RNAseq and GSEA by Enrichr. RNA extraction was performed as described for qPCR. RNA concentration was fluorimetrically determined using the QuBit 3.0 system (Thermo Fisher Scientific). Bulk 3′-prime transcript end RNAseq (SCRB-Seq) libraries were prepared as described below. RNA was reverse transcribed using oligo(dT) primers decorated with sample barcodes, unique molecular identifiers (UMIs), and adapters (Integrated DNA Technologies). cDNA from all samples was pooled, and unincorporated primers were digested using Exonuclease I (New England Biolabs). The cDNA pool was then amplified with KAPA HiFi ReadyMix (KAPA Biosystems). To obtain sequencing libraries, 0.8 ng of cDNA was fragmented, and 3′ ends were amplified with the Nextera XT Kit (Illumina) using a specific primer for the adapter on the 3′-end. The library was paired-end sequenced on a HiSeq1500 with 16 cycles for read 1 to decode sample barcodes and UMIs, and 51 cycles on read 2 into the cDNA fragment. Transcript and gene definitions were used according to the ENSEMBL annotation release 75. GSEA was performed using the web tool Enrichr, available at http://amp.pharm.mssm.edu/Enrichr (23, 24). In addition, GSEA Software v4.0.3 (72) was used to calculate normalized enrichment scores (NES), false discovery rate (FDR) values, and P values for gene sets in the Molecular signatures database (MSigDB) (73). The genes were preranked according to the fold-change and P values

Endocytosis assay. A fluid-phase HRP uptake assay was used as described previously (6). Briefly, samples were incubated with 1 mg/mL HRP (MilliporeSigma) for 5 minutes. After pulse, chase, and extensive wash, cells were lysed (10 mM TRIS, 0.05% Triton X-100). The amount of internalized HRP was quantified by measuring the peroxidation of o-Dianisidine (MilliporeSigma) after addition of H₂O₂ at 405 nm. The amount of internalized HRP was normalized to the total protein content measured by BCA protein assay (Pierce).
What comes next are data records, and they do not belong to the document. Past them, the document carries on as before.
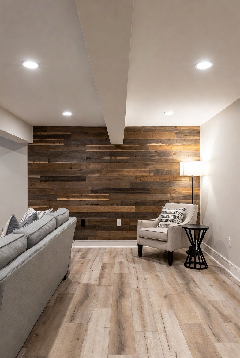 An accent wall can add personality and warmth to a basement. Consider wood paneling, textured wallpaper, or a warm paint color to create visual interest. Accent walls help define spaces and make the basement feel thoughtfully designed.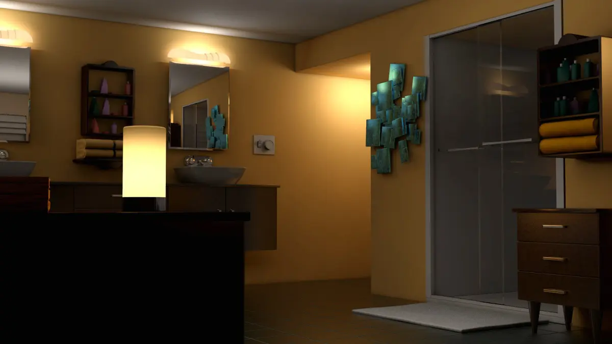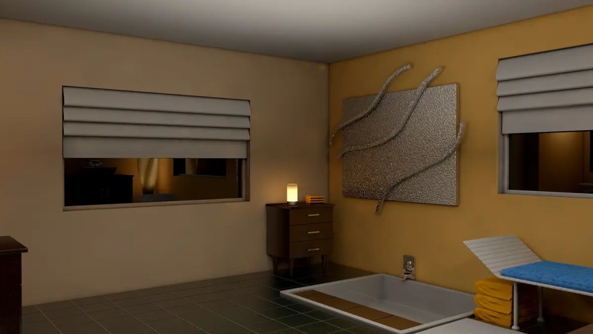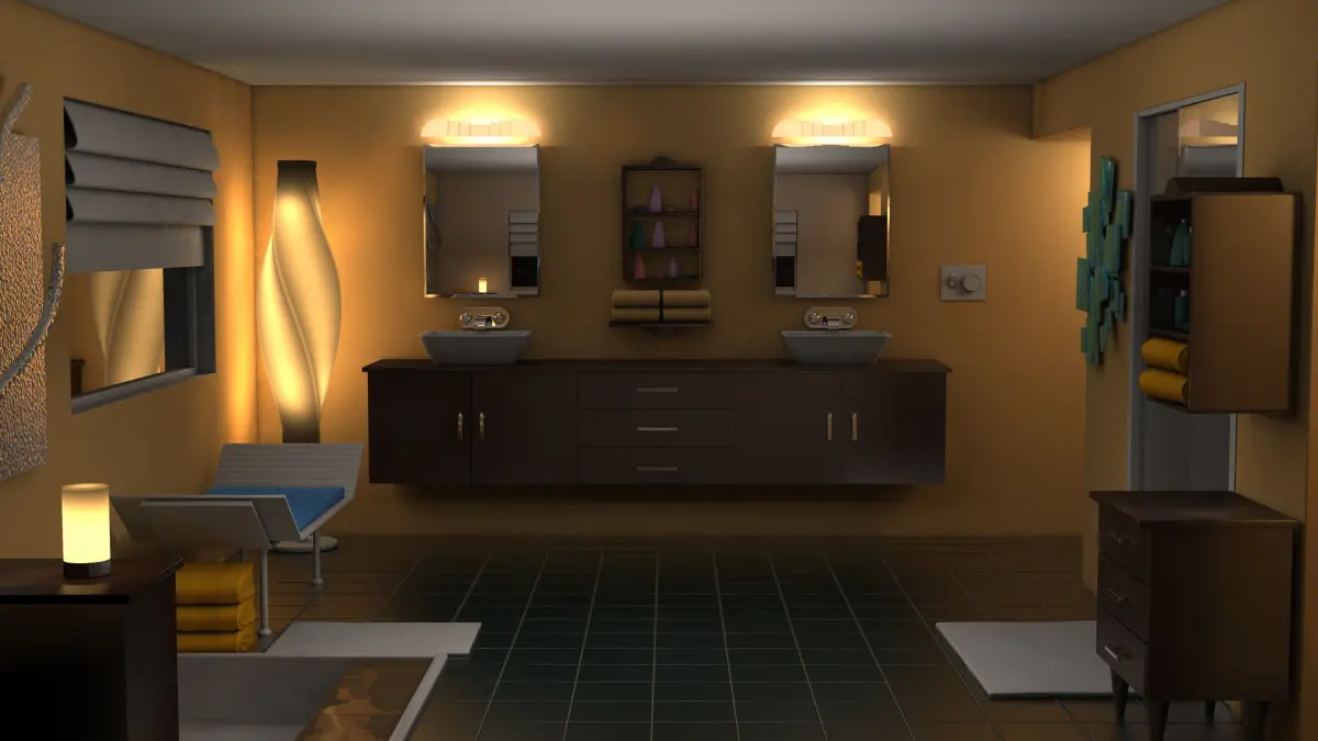 Bathroom Interior.Great for interior visualization.Ready to drop into scene.Real world scale.Clean polygon mesh.Modeled and rendered in Cinema 4D.High – Medium Polygon.Cinema 4D Procedural materials included.Texture files included.Exported Formats: FBX, 3DS, OBJ, DAE.
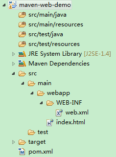 如maven-web-demo这个项目实例。该项目的目录结构如下图所示: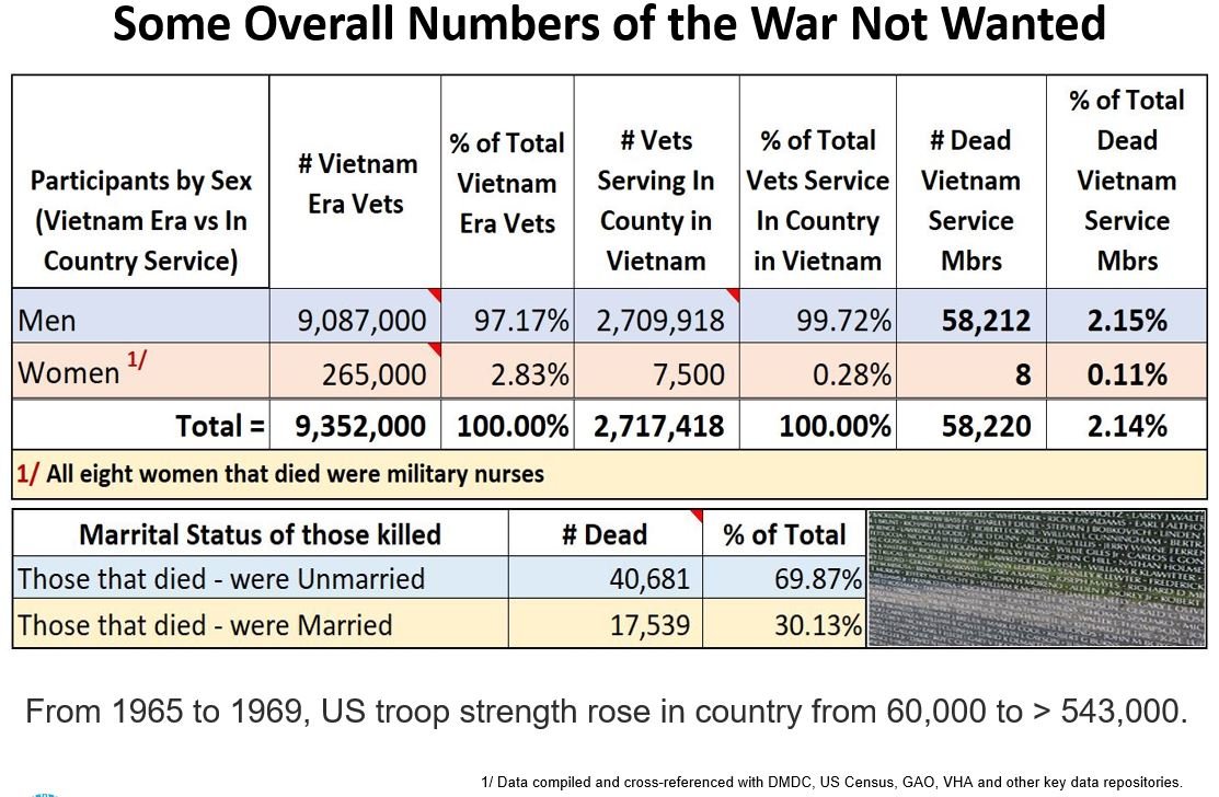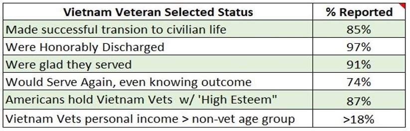 America has "appeared" to have grown-up understanding that the everyday individual service member today is in the military as a volunteer who serves their country and is not responsible for the making of national policy. They enter for many reasons, but they serve a nation whose ideal is to have “…a more perfect union…” That is why I have included a summary table of recent data regarding how people, including vets, view the Vietnam war via the lens of time. The data in the visuals provided in this response post, for those that want to know, have been compiled and cross-referenced with DMDC, US Census, GAO, VHA and other key data repositories for such data.

SA–β-galactosidase staining. SA–β-galactosidase staining was performed as previously described (33). Briefly, the fixed samples were incubated with a staining solution containing 20 mg/mL of X-Galactosidase (Roth) for 1–3 days at 37°C and then mounted. Stained cells were examined with a Zeiss inverse microscope, and images were quantified blindly with ImageJ (NIH).

In silico patient survival. For stratification of PDAC patients, we used the UCSC Xena Platform (http://xena.ucsc.edu) (74) with the TCGA Pancreatic Cancer (PAAD) data set filtered for primary tumors (n = 185).
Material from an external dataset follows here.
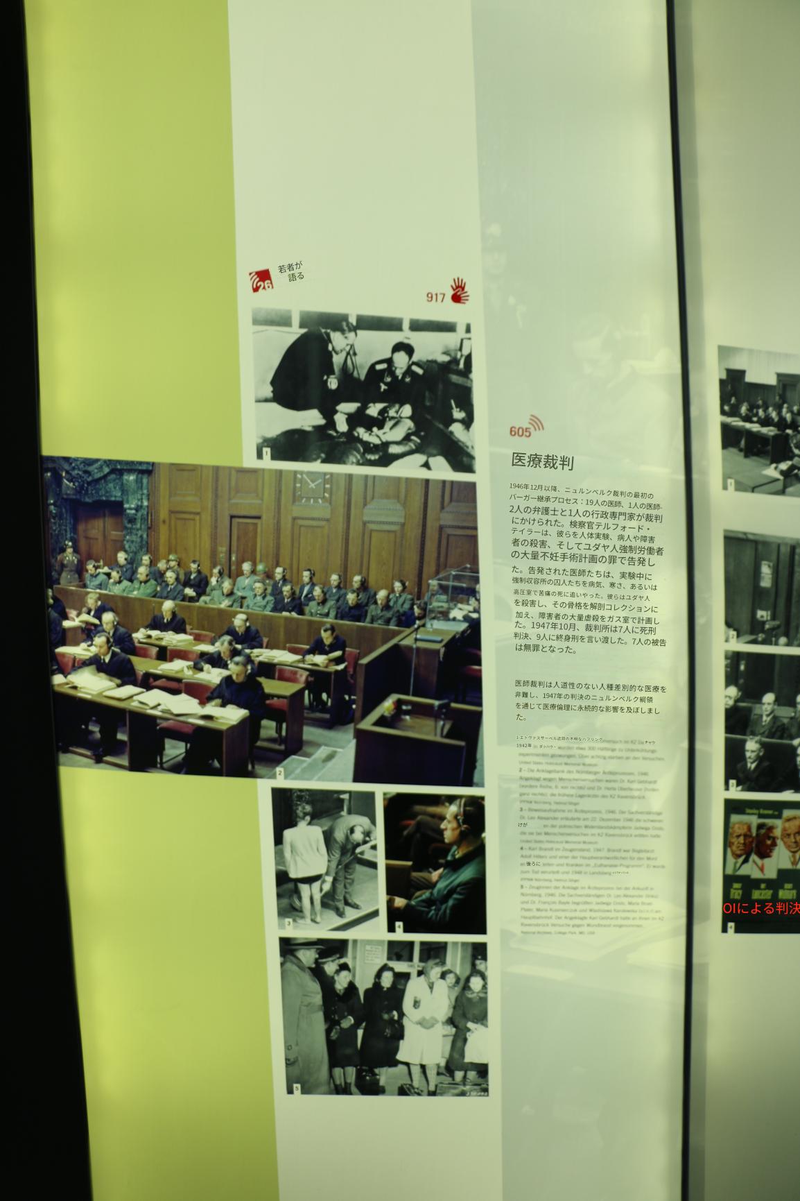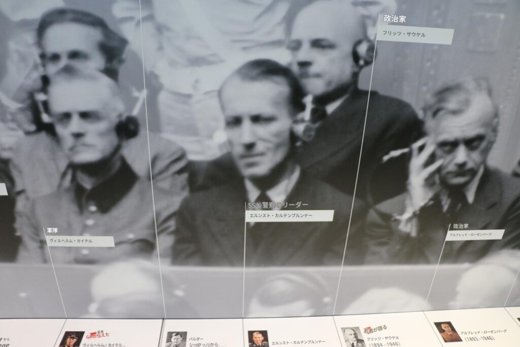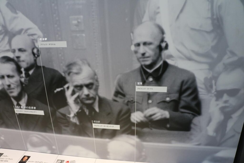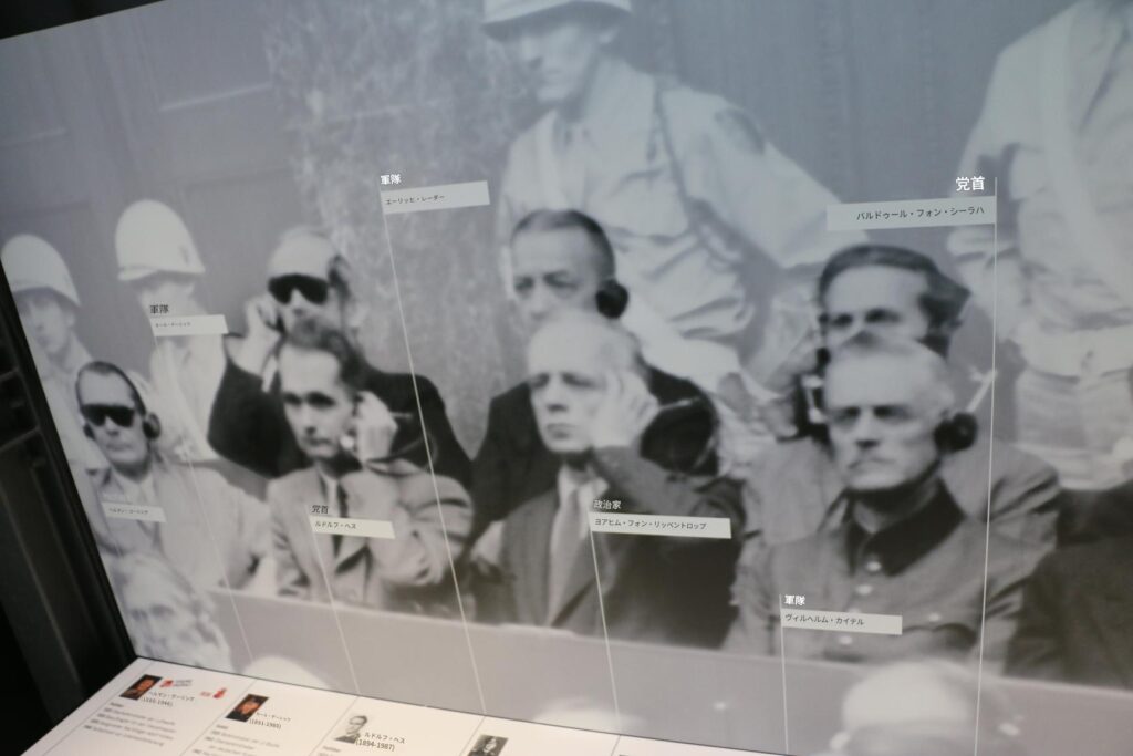 ニュルンベルク裁判メモリアルの常設展示では、裁判に至るまでの歴史、その経過、そしてその影響に関する情報を提供しています。裁判に関わった最も重要な人物を紹介し、多数の文書、音声、映像を展示しています

Statistics. Statistical analyses were performed using the GraphPad Prism version 5.0a for Mac OS X. We applied unpaired, 2-tailed Student′s t test, Mann-Whitney U test, the 2-way ANOVA, and the log-rank test; for multiple comparisons, we used the Kruskal-Wallis test followed by a Dunn’s multiple comparisons test, as specified in the legends. A P value less than 0.05 was considered significant.

Study approval. The present study in animals was reviewed and approved by the Government of Bavaria, Munich, Germany (AZ 5.2-1-54-2532-46-2014) and the IACUC of the Technical University of Munich. Experiments were conducted in accordance with the German Federal Animal Protection Laws.